You can also download the weights from the release of this repo.
The results might be a bit different from those in the original paper, you can see them in the `eval_results-BiRefNet-{TASK_SETTINGS}` folder in each `exp-xx`, we will update them in the following days. Due to the very high cost I used (A100-80G x 8) which many people cannot afford to (including myself....), I re-trained BiRefNet on a single A100-40G only and achieve the performance on the same level (even better). It means you can directly train the model on a single GPU with 36.5G+ memory. BTW, 5.5G GPU memory is needed for inference in 1024x1024. (I personally paid a lot for renting an A100-40G to re-train BiRefNet on the three tasks... T_T. Hope it can help you.)

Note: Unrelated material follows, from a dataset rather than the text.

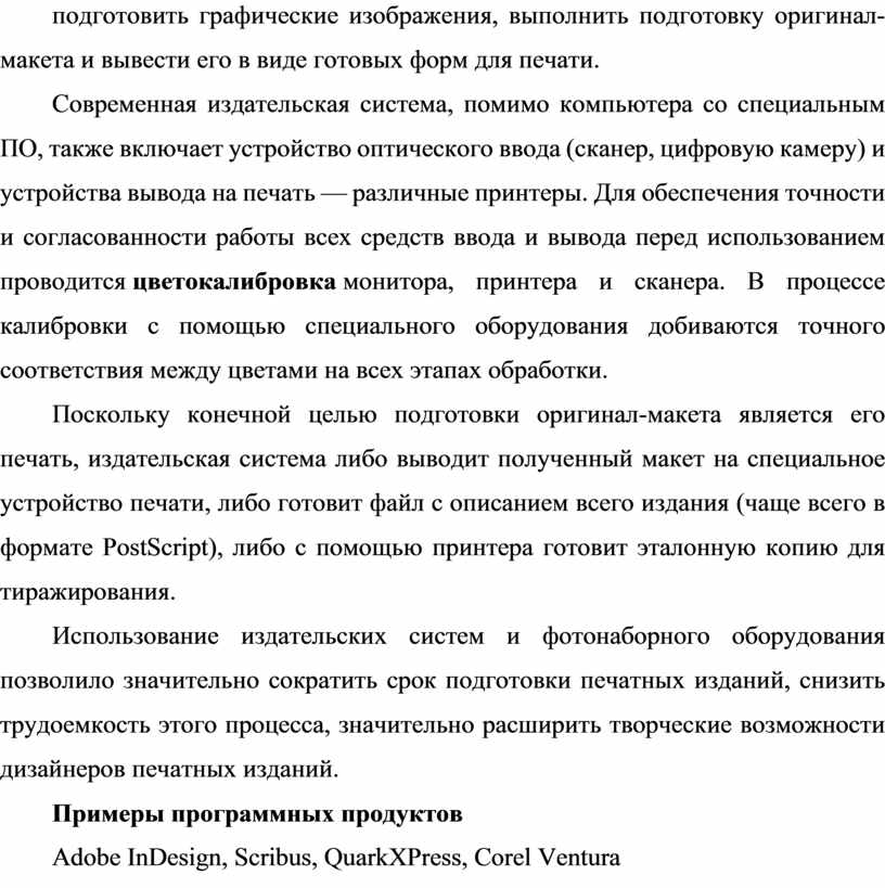 Использование издательских систем и фотонаборного оборудования позволило значительно сократить срок подготовки печатных изданий, снизить трудоемкость этого процесса, значительно расширить творческие возможности дизайнеров печатных изданий.

But if you have more and more powerful GPUs, you can set GPU IDs and increase the batch size in `config.py` to accelerate the training. We have made all this kind of things adaptive in scripts to seamlessly switch between single-card training and multi-card training. Enjoy it :)
#### Some of my messages:
This project was originally built for DIS only. But after the updates one by one, I made it larger and larger with many functions embedded together. Finally, you can **use it for any binary image segmentation tasks**, such as DIS/COD/SOD, medical image segmentation, anomaly segmentation, etc. You can eaily open/close below things (usually in `config.py`):
+ Multi-GPU training: open/close with one variable.
+ Backbone choices: Swin_v1, PVT_v2, ConvNets, ...
+ Weighted losses: BCE, IoU, SSIM, MAE, Reg, ...
+ Adversarial loss for binary segmentation (proposed in my previous work [MCCL](https://arxiv.org/pdf/2302.14485)).
+ Training tricks: multi-scale supervision, freezing backbone, multi-scale input...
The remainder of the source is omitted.